Records shown

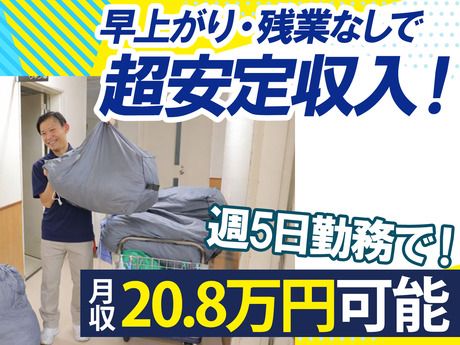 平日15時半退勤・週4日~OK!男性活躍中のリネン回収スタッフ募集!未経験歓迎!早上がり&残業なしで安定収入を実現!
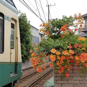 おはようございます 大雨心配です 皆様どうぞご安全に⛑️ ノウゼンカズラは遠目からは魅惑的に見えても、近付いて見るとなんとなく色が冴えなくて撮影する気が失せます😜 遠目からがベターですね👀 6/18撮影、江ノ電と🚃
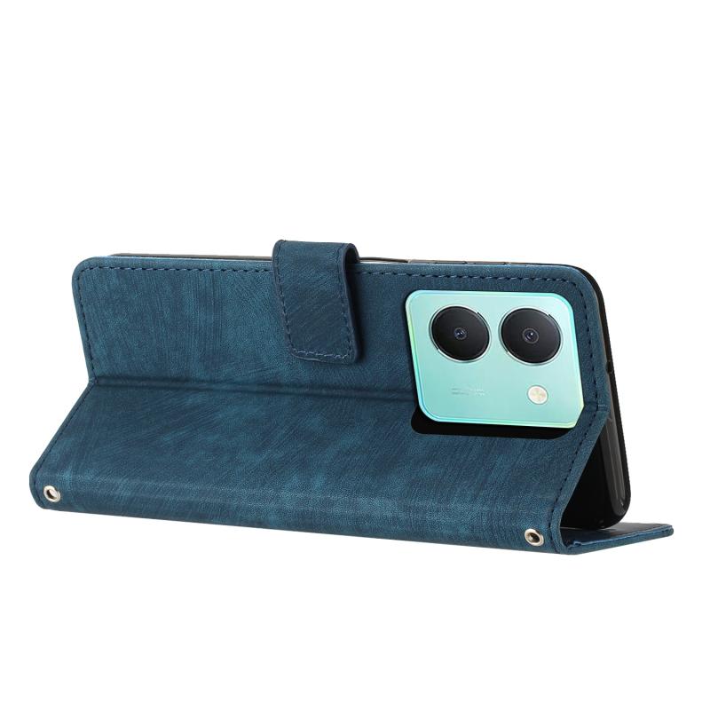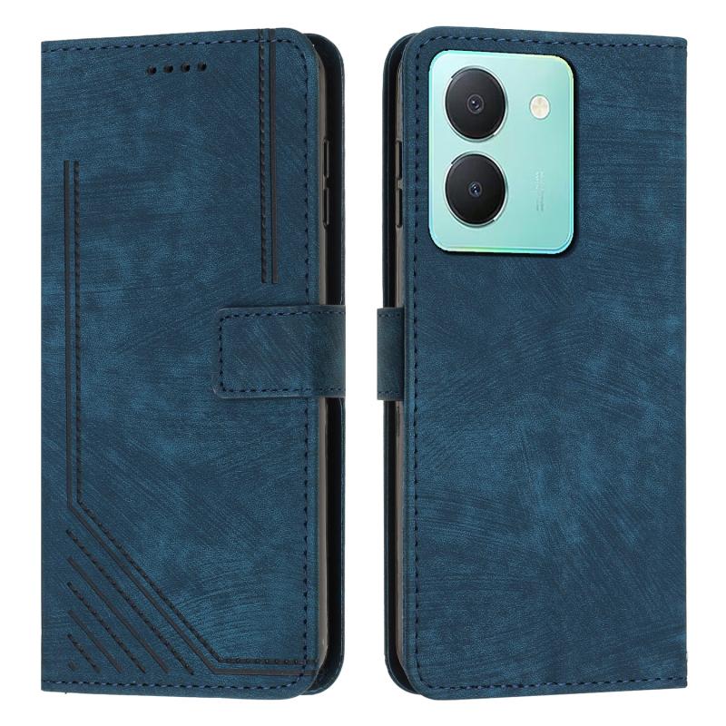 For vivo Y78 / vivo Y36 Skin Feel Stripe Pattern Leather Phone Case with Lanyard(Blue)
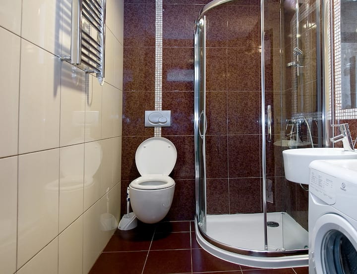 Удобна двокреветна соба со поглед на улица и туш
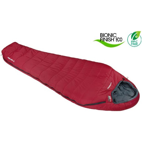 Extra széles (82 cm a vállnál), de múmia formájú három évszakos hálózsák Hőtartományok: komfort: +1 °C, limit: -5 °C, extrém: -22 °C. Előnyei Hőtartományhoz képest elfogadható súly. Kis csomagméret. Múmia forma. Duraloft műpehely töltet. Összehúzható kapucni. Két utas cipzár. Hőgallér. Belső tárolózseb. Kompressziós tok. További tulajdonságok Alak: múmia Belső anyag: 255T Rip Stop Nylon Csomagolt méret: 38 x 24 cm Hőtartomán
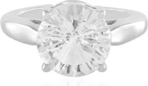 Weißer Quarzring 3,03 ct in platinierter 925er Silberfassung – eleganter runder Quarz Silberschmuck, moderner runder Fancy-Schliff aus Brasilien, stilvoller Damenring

Work request
Pictures must be left out. Repeat exactly the lines from the one containing "Extra széles (82" through the final line of the data.

Written response
 Extra széles (82 cm a vállnál), de múmia formájú három évszakos hálózsák Hőtartományok: komfort: +1 °C, limit: -5 °C, extrém: -22 °C. Előnyei Hőtartományhoz képest elfogadható súly. Kis csomagméret. Múmia forma. Duraloft műpehely töltet. Összehúzható kapucni. Két utas cipzár. Hőgallér. Belső tárolózseb. Kompressziós tok. További tulajdonságok Alak: múmia Belső anyag: 255T Rip Stop Nylon Csomagolt méret: 38 x 24 cm Hőtartomán
 Weißer Quarzring 3,03 ct in platinierter 925er Silberfassung – eleganter runder Quarz Silberschmuck, moderner runder Fancy-Schliff aus Brasilien, stilvoller Damenring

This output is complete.